= Backbiting =

Secret slander

1868 allegory of backbiting based on Psalms, "the wicked bend their bow, they make ready their arrow upon the string, that they may privily shoot at the upright in heart" (11:2) and "their tongue a sharp sword" (57:4)"

Backbiting or tale-bearing is to slander someone in their absence — to bite them behind their back. Originally, backbiting referred to an unsporting attack from the rear in the blood sport of bearbaiting.

==Causes==
Backbiting may occur as a form of release after a confrontation. By insulting the opposing person, the backbiter diminishes them and, by doing so, restores their own self-esteem. A bond may also be established with the confidante if they are receptive to the hostile comment. Such gossip is common in human society as people seek to divert blame and establish their place in the dominance hierarchy. But the backbiting may be perceived as a form of delinquent behaviour due to an inferiority complex.

==Religious views==
In most major religions, backbiting is considered a sin. Leaders of the Baháʼí Faith condemned it as the worst of sins as it destroyed the 'life of the soul' and provoked divine wrath. In Buddhism, backbiting goes against the ideal of right speech. Saint Thomas Aquinas classified it as a mortal sin, given that, as with other mortal sins, the act attains its perfection, that is, the act is committed with full knowledge and full consent of the will. Islam considers ghibah, or backbiting, to be a major sin and the Qur'an compares it to the abhorrent act of eating the flesh of one's dead brother. Additionally, it is not permissible for one to keep quiet and listen to backbiting. In Judaism, backbiting is known as hotzaat shem ra (spreading a bad name) and is considered a severe sin.
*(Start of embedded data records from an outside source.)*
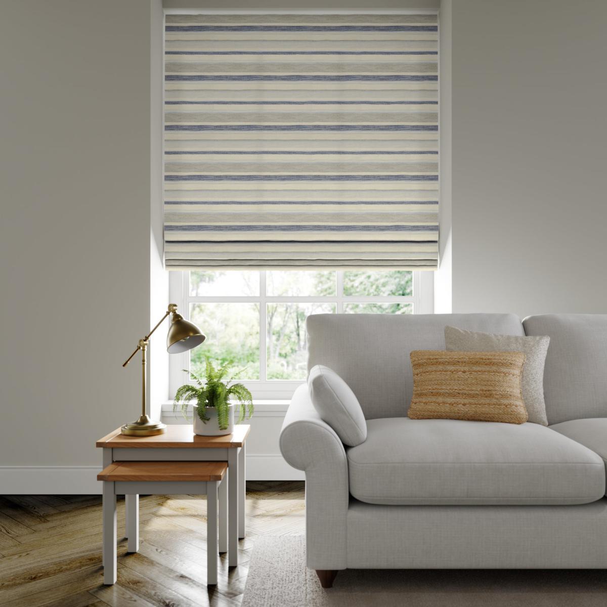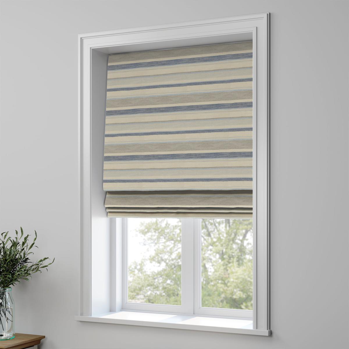 * Choose from 3 linings* Select your fitting type* Pick a side for the operating chain With a simple horizontal striped design, elegantly decorate your home with our Sam Stripe range of Roman Blinds.**Choosing your lining:*** Blackout provides minimal light disturbance in your home making it perfect for bedrooms. * Thermal helps to keep the warmth in and the cool air out meaning it’s great for family rooms or lounges. * Our Standard Lining is perfect if you like the glow of natural light whilst your curtains are closed whilst still maintaining your privacy.**Choosing your fitting type:*** Inside the recess: this gives a tidy, snug finish as it’s made to fit your window exactly. * Outside the recess: this option is great if you don’t want the blind to be visible from the outside when it’s drawn up.**Choosing which side you’d like the operating chain:*** Think about where your blind will be situated and what furniture may be near it – choose the side that is easier for you to access.**Need help deciding or measuring?**Book a free appointment with one of our consultants! dunelm. com/category/made-to-measure/book-an-appointment).**Child Safety:**We add clips to the back of our roman blinds to attach the cords to the fabric. They also double up as a child safety feature. If pressure is exerted the clips will detach to prevent the risk of strangulation. Please read our [Blinds Safety Guide](https://www. dunelm. com/info/buying-guides/blinds-safety-guidance) for more information. If the clips detach accidentally during normal use, they can be easily re-clipped back into place. Please note: If your measured width is over 130cm your blinds may come with a fabric join to provide the full width required.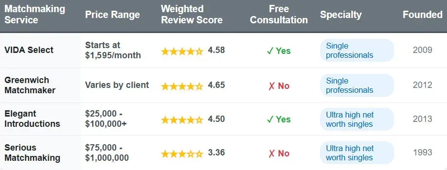 Matchmaking ServicePrice RangeTotal ReviewsWeighted Review ScoreFree ConsultationSpecialtyFounded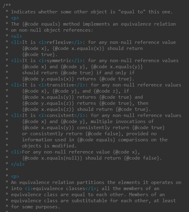 Object 명세에 작성된 내용을 확인해보면 equals 메서드는 널이아닌 객체들에 대해 동치 관계(equivalence relation)을 만족해야 하며 아래의 조건들을 지켜야 한다는 내용이 있습니다. 아래와 같이 크게 5가지로 이루어집니다.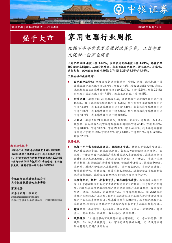 【中银证券】【20220619】20220619-中银证券-家用电器行业周报:把握下半年需求复苏盈利改善节奏,工信部发文促新一轮家电消费-27页

In the 19th century, Charlotte Elizabeth wrote an account of backbiting for the moral education of children in places such as Sunday school.

==Notable examples==
In the Book of Numbers, the elder siblings of Moses – Miriam and Aaron – talk against him together. God is angered and punishes Miriam with leprosy.

Gordon Brown notoriously spoke of Gillian Duffy as being a "sort of bigoted woman" after conversing with her pleasantly during his 2010 election campaign. This remark was made to his staff as he was driving away but was picked up by a live microphone. This incident caused him great embarrassment and he returned to apologise, declaring that he was a "penitent sinner."